Guru dituntut memperhatikan aspek kekinian dan modernitas sebagai titik tolak dan sarana pembelajaran, termasuk penggunaan artificial intelligence (kecerdasan buatan) sebagai bahan sekaligus medium pembelajaran.
Sebuah Keniscayaan
Keberadaan AI, sapaan akrab kecerdasan buatan, kini menjadi menarik diperbincangkan tidak hanya di Indonesia, tetapi juga di seluruh dunia.
Keberadaan AI menjadi keniscayaan menyusul pesatnya perkembangan teknologi dan semakin beragamnya kecerdasan buatan yang seolah berlomba menawarkan bantuan untuk memenuhi berbagai kebutuhan.
Bersama itu, semakin banyak sektor di seluruh dunia yang telah memanfaatkan kecerdasan buatan dalam menjalankan roda kehidupan.
Anderson dan Lee (2018) menemukan ada banyak negara yang saat ini melakukan penelitian secara massif tentang efektivitas penggunaan AI dalam mendukung perputaran kehidupan di berbagai sektor, termasuk dalam bidang pendidikan.
Di Indonesia, utamanya di kalangan pemilik opini-opini klasik, AI cenderung masih dianggap
tidak bisa membuat siswa berpikir tingkat tinggi (HOTS; Higher Order Thinking Skill) karena AI-lah yang menggantikan peran tersebut.
Alih-alih mengembangkan kemampuan berpikir, siswa lebih suka menggunakan AI sebagai pengganti untuk mengerjakan tugas sekolah atau pekerjaan lain.
Stereotype dan pandangan semacam ini sebenarnya disayangkan sebab AI sejatinya merupakan tools atau alat yang bisa digunakan untuk membantu siswa belajar, bukan menggantikan.
Ia ibarat susu formula (sufor) yang tidak bisa menggantikan Air Susu Ibu (ASI).
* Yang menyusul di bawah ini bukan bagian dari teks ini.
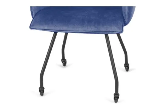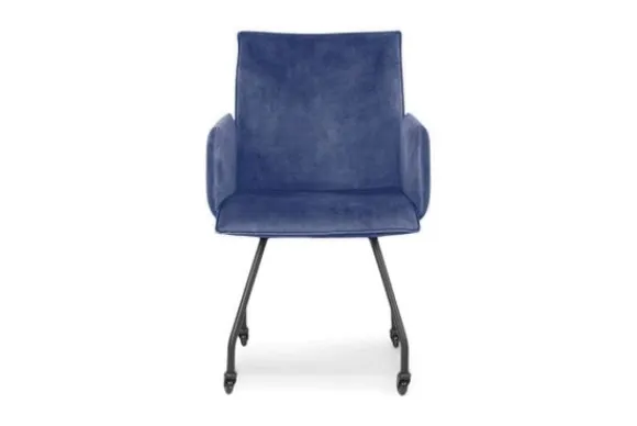 Eetkamerstoel Jussie van het merk Titan Design is beschikbaar in alle kleuren en in verschillende materiaalsoorten zoals stof, velvet en rundleder. De Jussie stoel is beschikbaar in diverse uitvoeringen. Deze Jussie is voorzien van armleuningen en zwart metalen poten met wieltjes. Je kunt er ook voor kiezen om de Jussie uit te voeren zonder wieltjes. Deze stoel heeft een unieke uitstraling dankzij de opening tussen de arm- en rugleuning.

Secanggih apa pun manusia memperbaiki kandungan sufor, peran dan kandungannya tidak akan pernah bisa menggantikan Air Susu Ibu.
Artificial Intelligence sebagai Learning Tools
Saat dunia pendidikan Indonesia dihebohkan dengan keberadaan PISA (Program for International Students Assesment) dan kecerdasan buatan, OECD, penyelenggara PISA, justru memberi tanggapan positif atas keberadaan dan perkembangan kecerdasan buatan.
Dalam laman resminya, OECD menyebut akan menggunakan tema dan mengimplementasikan AI sebagai bagian dari pemahaman seseorang tentang literasi (OECD, 2024).
Dalam komponen kompetensi yang diukur dalam PISA, OECD memasukkan kompetensi penggunaan learning tools sebagai bentuk capaian dalam kemampuan literasi.
Ini menunjukkan bahwa kemampuan literasi seseorang menggunakan learning tools utamanya tampak saat memecahkan masalah. Ia menjadi indicator utama kreativitas yang menjadi titik pangkal seseorang memiliki HOTS.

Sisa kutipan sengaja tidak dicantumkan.